Выдумка про богача-родителя отпадает сразу: не мог сынок купца первой гильдии жить в полесской «степке». И выдумать тонкости быта бедноты из «Кабанов» было бы ему не по силам.

И про уничтожение Москвы тоже много нагородили неправды.

— Нами, Московским комитетом партии, было предложено, — рассказывал Каганович, — улицы расширять, сносить те дома, которые мешают движению, но вовсе не разрушать такие ценности, как, например, храм Василия Блаженного. Я ночами ходил по Москве, выбирал то, что нужно сохранить…

Брата не пожалел, спасать не стал — тяжкое обвинение...

Как и многое в те годы, история Михаила Кагановича замалчивалась.

Михаил был замом у Орджоникидзе ряд лет, потом стал наркомом оборонной промышленности, — объяснял Лазарь Моисеевич, — Я сказал Сталину, что мой брат большевик настоящий, член ЦК, преданный партии человек, это вранье все.

Михаила обвинили в том, что он вместе со своим замом, Ванниковым в заговоре: в шпионской организации! Что будто бы они с немцами договорились, и что Гитлер хотел   сделать Михаила Кагановича главой правительства!

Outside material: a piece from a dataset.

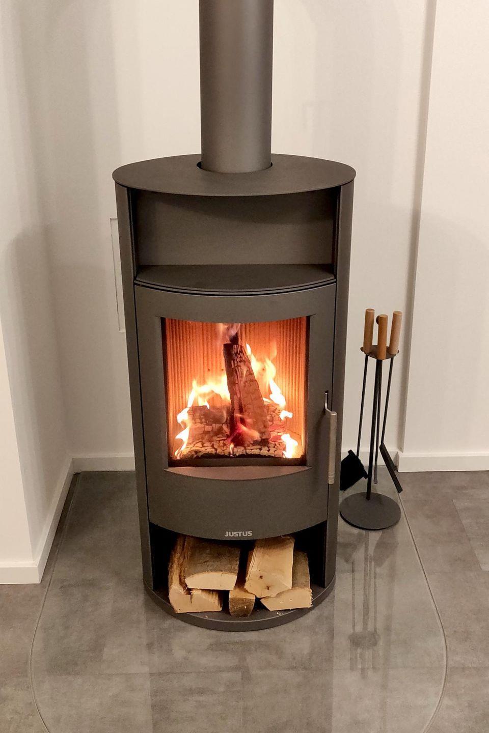 Wohn- und Essbereich: großes Ecksofa, Esstisch mit 4 Stühlen, Kaminofen

— А ведь мой брат заложил основы авиационной промышленности. Ездил в Америку, изучал там дело. — вспоминает Лазарь Каганович, — Заводы построены при нем.

Когда произошла трагедия с Михаилом, уже во всю громыхала война.

— Брата надо защищать, если ты убежден, что он прав, — горячился Каганович, — А я был убежден, что он прав, и я его защищал!

Он пришёл к Сталину и заявил, что обвинения брата — сплошная ложь и потребовал для Михаила очной ставки с обвинителем. А показания-то дал зам Михаила, Ванников!

Допрос вели Берия и Маленков — ведь Михаил был членом ЦК Партии. Ванников путался, запинался и нёс околесицу: его терзали стыд и страх из-за присутствия Михаила. Кагановича попросили выйти:

— Ты подожди, в коридоре, а мы еще раз поговорим с этим.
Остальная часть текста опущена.